**Record set:**
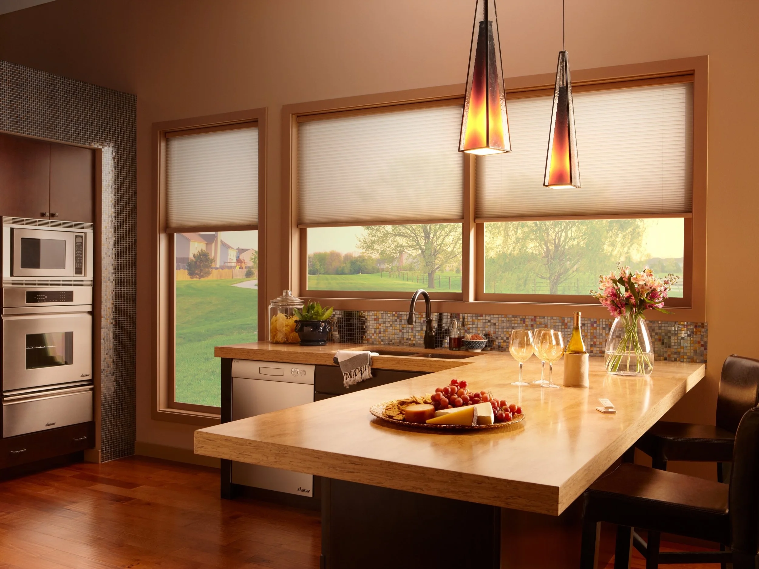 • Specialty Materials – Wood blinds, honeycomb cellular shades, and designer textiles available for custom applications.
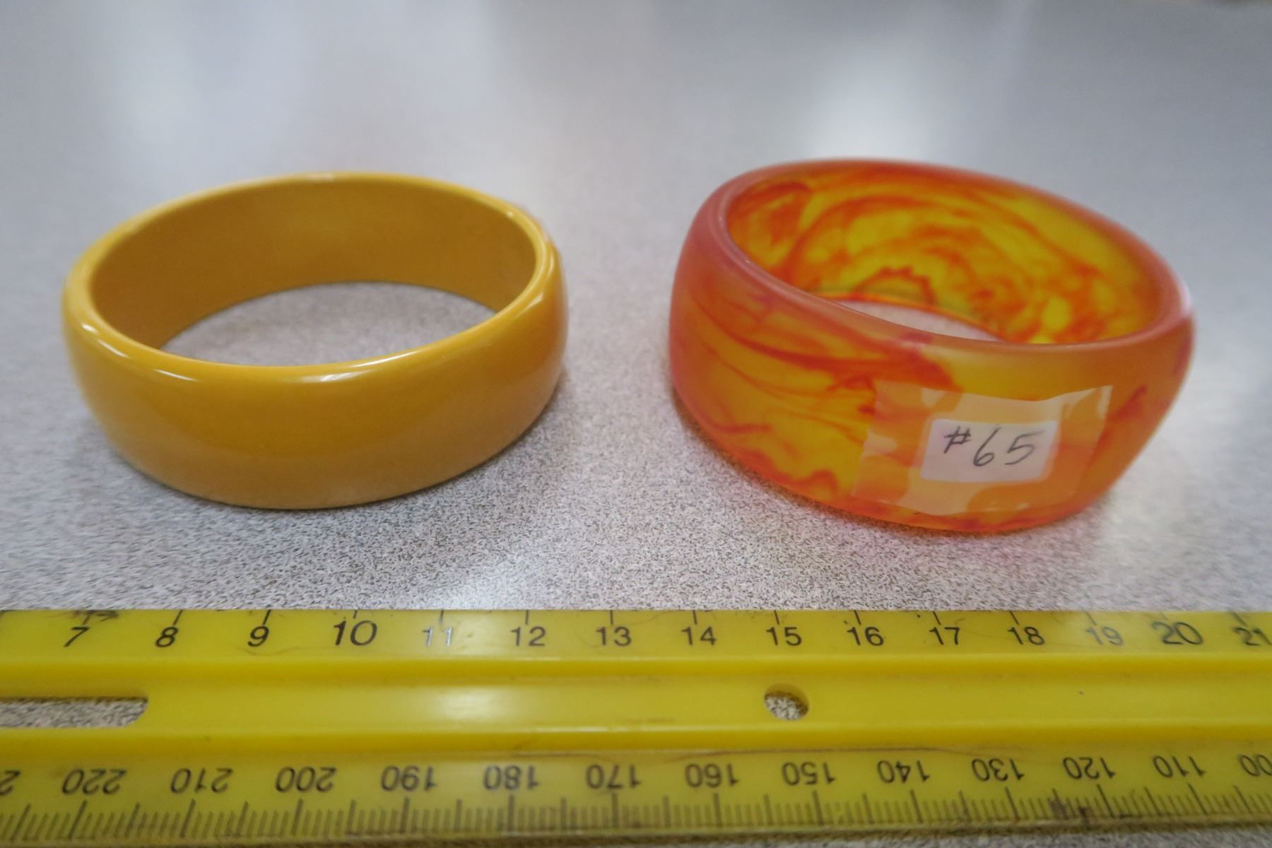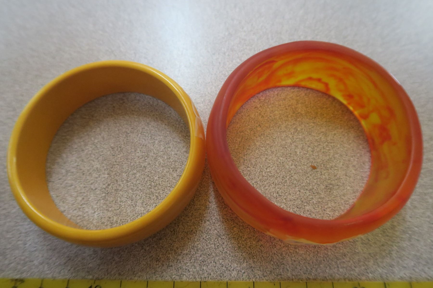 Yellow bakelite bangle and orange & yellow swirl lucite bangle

* * *

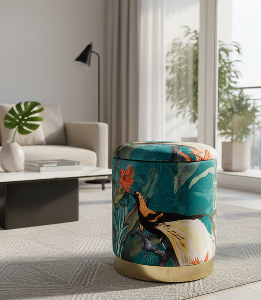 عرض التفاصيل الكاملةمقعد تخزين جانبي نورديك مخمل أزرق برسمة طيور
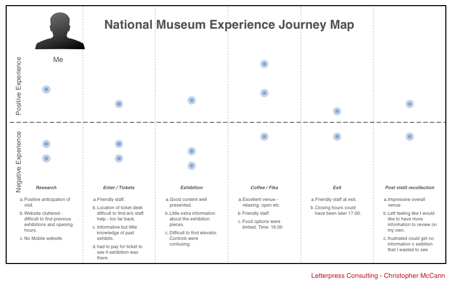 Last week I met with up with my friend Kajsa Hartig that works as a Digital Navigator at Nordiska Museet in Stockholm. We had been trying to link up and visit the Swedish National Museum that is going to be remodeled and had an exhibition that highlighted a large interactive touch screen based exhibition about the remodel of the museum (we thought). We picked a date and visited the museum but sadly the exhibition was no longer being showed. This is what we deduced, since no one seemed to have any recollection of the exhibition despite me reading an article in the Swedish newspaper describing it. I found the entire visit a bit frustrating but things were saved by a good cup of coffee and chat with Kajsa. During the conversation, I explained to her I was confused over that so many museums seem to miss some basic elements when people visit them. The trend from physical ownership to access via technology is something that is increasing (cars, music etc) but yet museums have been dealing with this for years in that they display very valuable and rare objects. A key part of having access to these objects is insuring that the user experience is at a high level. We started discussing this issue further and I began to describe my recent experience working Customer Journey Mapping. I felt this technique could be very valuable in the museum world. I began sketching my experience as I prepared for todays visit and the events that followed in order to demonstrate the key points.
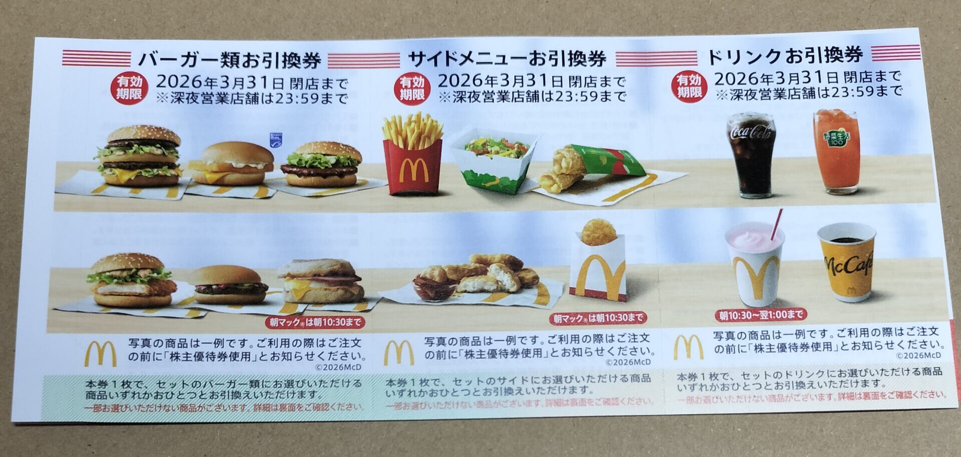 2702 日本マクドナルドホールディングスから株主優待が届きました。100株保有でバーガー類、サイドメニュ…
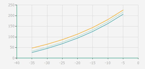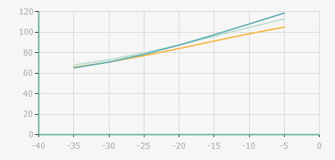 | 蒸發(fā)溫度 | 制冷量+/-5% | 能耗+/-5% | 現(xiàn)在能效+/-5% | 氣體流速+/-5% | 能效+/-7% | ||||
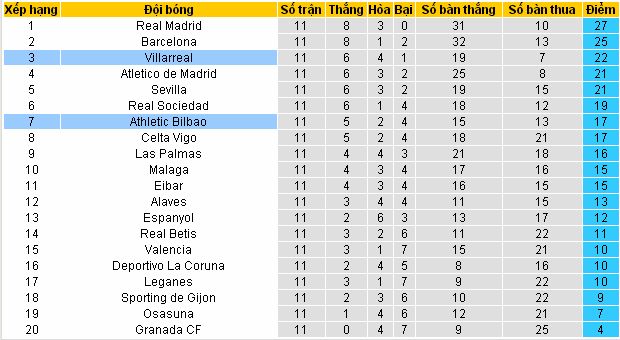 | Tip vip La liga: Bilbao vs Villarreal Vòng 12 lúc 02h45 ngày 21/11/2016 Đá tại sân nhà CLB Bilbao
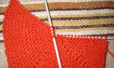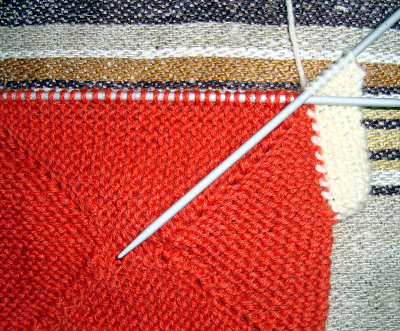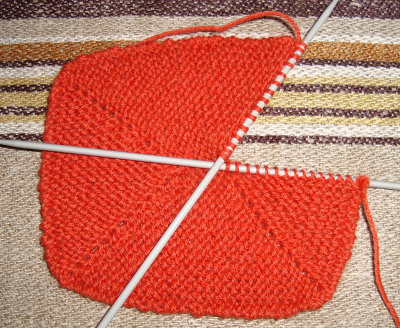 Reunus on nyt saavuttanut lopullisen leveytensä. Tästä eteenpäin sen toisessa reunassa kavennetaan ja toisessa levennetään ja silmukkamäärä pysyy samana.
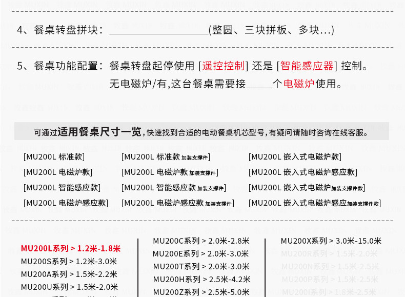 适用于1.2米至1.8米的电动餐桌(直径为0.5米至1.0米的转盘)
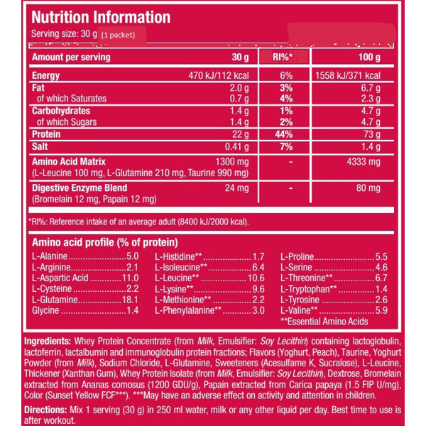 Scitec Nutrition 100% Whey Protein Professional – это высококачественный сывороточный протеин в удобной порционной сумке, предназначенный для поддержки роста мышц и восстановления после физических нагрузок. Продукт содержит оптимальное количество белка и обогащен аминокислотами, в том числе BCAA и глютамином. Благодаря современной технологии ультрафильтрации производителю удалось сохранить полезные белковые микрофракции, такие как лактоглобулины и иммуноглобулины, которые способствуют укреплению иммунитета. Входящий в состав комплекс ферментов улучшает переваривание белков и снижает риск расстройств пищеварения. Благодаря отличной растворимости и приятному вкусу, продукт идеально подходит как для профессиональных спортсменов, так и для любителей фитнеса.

--

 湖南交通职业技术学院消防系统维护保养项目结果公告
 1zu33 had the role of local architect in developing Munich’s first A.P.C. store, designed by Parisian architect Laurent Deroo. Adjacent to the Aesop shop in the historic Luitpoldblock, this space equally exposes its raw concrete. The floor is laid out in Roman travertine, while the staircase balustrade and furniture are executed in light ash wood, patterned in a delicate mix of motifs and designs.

**About this task:**
Copy out the lines above from the line containing "عرض التفاصيل الكاملةمقعد" through the line containing "适用于1.2米至1.8米的电动餐桌(直径为0.5米至1.0米的转盘)", exactly, and keep the pictures out.

**Completed exercise:**
 عرض التفاصيل الكاملةمقعد تخزين جانبي نورديك مخمل أزرق برسمة طيور
 Last week I met with up with my friend Kajsa Hartig that works as a Digital Navigator at Nordiska Museet in Stockholm. We had been trying to link up and visit the Swedish National Museum that is going to be remodeled and had an exhibition that highlighted a large interactive touch screen based exhibition about the remodel of the museum (we thought). We picked a date and visited the museum but sadly the exhibition was no longer being showed. This is what we deduced, since no one seemed to have any recollection of the exhibition despite me reading an article in the Swedish newspaper describing it. I found the entire visit a bit frustrating but things were saved by a good cup of coffee and chat with Kajsa. During the conversation, I explained to her I was confused over that so many museums seem to miss some basic elements when people visit them. The trend from physical ownership to access via technology is something that is increasing (cars, music etc) but yet museums have been dealing with this for years in that they display very valuable and rare objects. A key part of having access to these objects is insuring that the user experience is at a high level. We started discussing this issue further and I began to describe my recent experience working Customer Journey Mapping. I felt this technique could be very valuable in the museum world. I began sketching my experience as I prepared for todays visit and the events that followed in order to demonstrate the key points.
 2702 日本マクドナルドホールディングスから株主優待が届きました。100株保有でバーガー類、サイドメニュ…
 | 蒸發(fā)溫度 | 制冷量+/-5% | 能耗+/-5% | 現(xiàn)在能效+/-5% | 氣體流速+/-5% | 能效+/-7% | ||||
 | Tip vip La liga: Bilbao vs Villarreal Vòng 12 lúc 02h45 ngày 21/11/2016 Đá tại sân nhà CLB Bilbao
 Reunus on nyt saavuttanut lopullisen leveytensä. Tästä eteenpäin sen toisessa reunassa kavennetaan ja toisessa levennetään ja silmukkamäärä pysyy samana.
 适用于1.2米至1.8米的电动餐桌(直径为0.5米至1.0米的转盘)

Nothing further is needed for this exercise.